§ **ASSIGNMENT**
The data that follows is to be copied exactly, with each image removed.

=== RECORDED INFORMATION ===

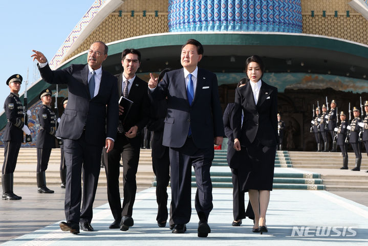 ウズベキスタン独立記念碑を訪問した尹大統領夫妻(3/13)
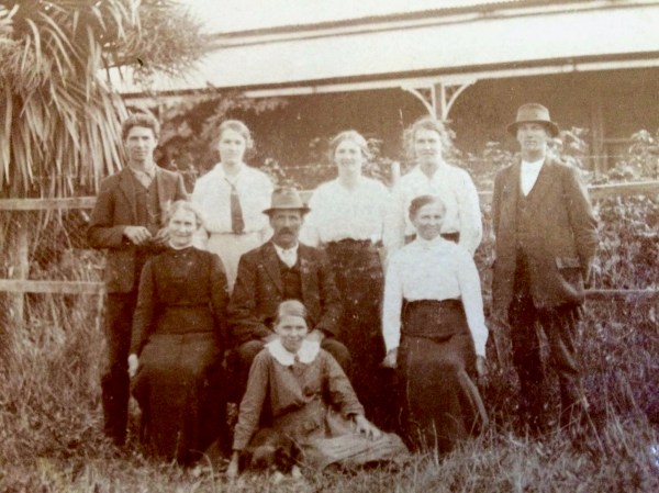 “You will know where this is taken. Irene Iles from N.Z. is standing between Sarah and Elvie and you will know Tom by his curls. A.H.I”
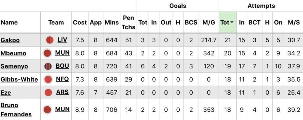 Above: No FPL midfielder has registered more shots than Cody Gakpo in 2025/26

===

§ **WRITTEN ANSWER**
 ウズベキスタン独立記念碑を訪問した尹大統領夫妻(3/13)
 “You will know where this is taken. Irene Iles from N.Z. is standing between Sarah and Elvie and you will know Tom by his curls. A.H.I”
 Above: No FPL midfielder has registered more shots than Cody Gakpo in 2025/26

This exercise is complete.